Learn more about this tea here.
This World Bird Sanctuary Tea Blend from Trail Lodge Tea is an interesting blend. The aroma of the dry leaf is earthy and slightly smoky, with hints of flower and fruit. The brewed tea smells a little less smoky, but maintains its earthy, floral, and fruity fragrance. I still am picking up on hints of smoke, but, they are very distant.
Because this is a black and green tea leaf blend, I used a lower temperature to steep the tea, opting for a 185°F temperature and a 2.5 minute brew time. The flavor is primarily a black tea taste … earthy, somewhat sweet, with floral notes. It has a moderate astringency to it.

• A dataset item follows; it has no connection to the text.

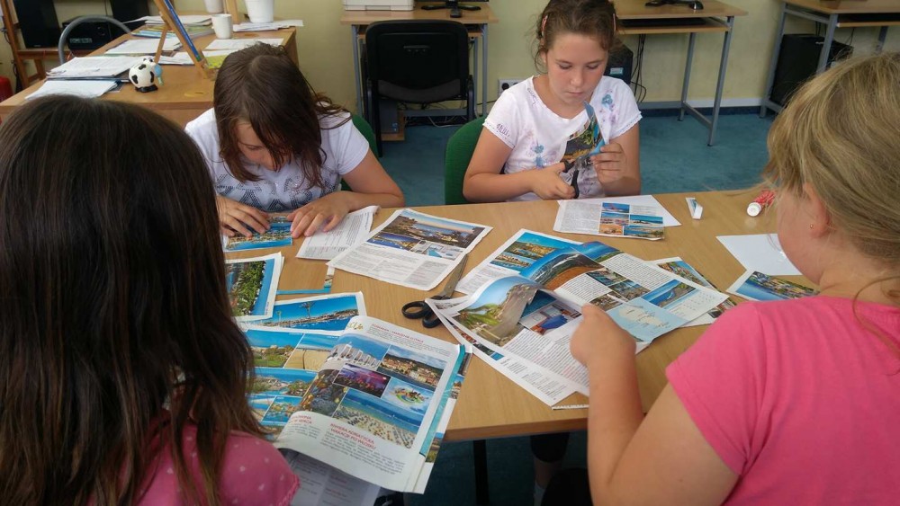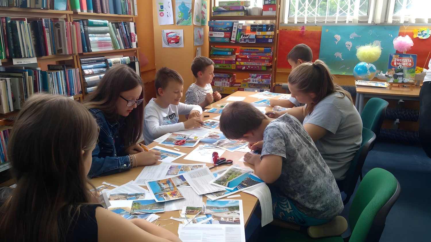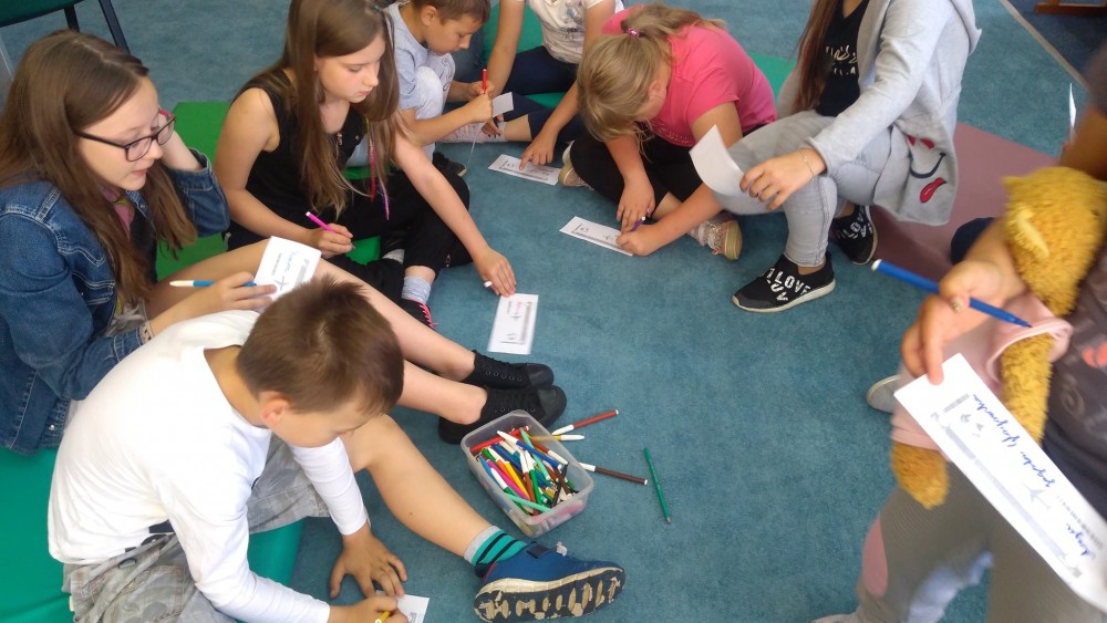 W poniedziałek, 17 lipca rozpoczęliśmy wakacyjną przygodę w bibliotece. Uczestnicy zajęć wykonali wizytówki w kształcie biletów z imionami i nazwą kraju do którego chciałyby się udać. Dzieci wypisały zasady, które są przestrzegane na naszych zajęciach na stworzonych przez siebie pocztówkach techniką kolażu. Najważniejszym punktem naszych zajęć jest zawsze integracja, dlatego nie zabrakło różnorodnych zabaw. Nasi mali odkrywcy zadowoleni i radośni dopytywali o kolejne dni naszych zajęć.

The green tea is not as noticeable as the black tea … but, where it is noticed is in the body … it is not quite as heavily bodied as a tea comprised of only black tea. It is still certainly what I’d consider a full-bodied tea, but it is not quite as hefty as, say, a straight up Assam or even a straight up Ceylon. There is also a vegetative note to this that is more noticeable as I continue to sip that is definitely ‘green tea-like’.
Trail Lodge Tea does not elaborate on the flavoring that is used to create this blend, but as I continue to sip, a definite fruit note seems to emerge … it tastes peach-y … or possibly apricot-peach-y. It is sweet and quite lovely, actually. I like that the flavor here isn’t overdone. It is mild and allows the blend of black and green teas to be the focus.
The floral notes here are delicate, which isn’t surprising to me, as I tend to find both Cornflowers and Safflower petals to be very mild petals and are often used not so much to flavor a tea but rather, to color the blend with some visual appeal. And these petals certainly do that … and they do add just a hint of floral taste to the cup too.
This one is especially good as an iced tea!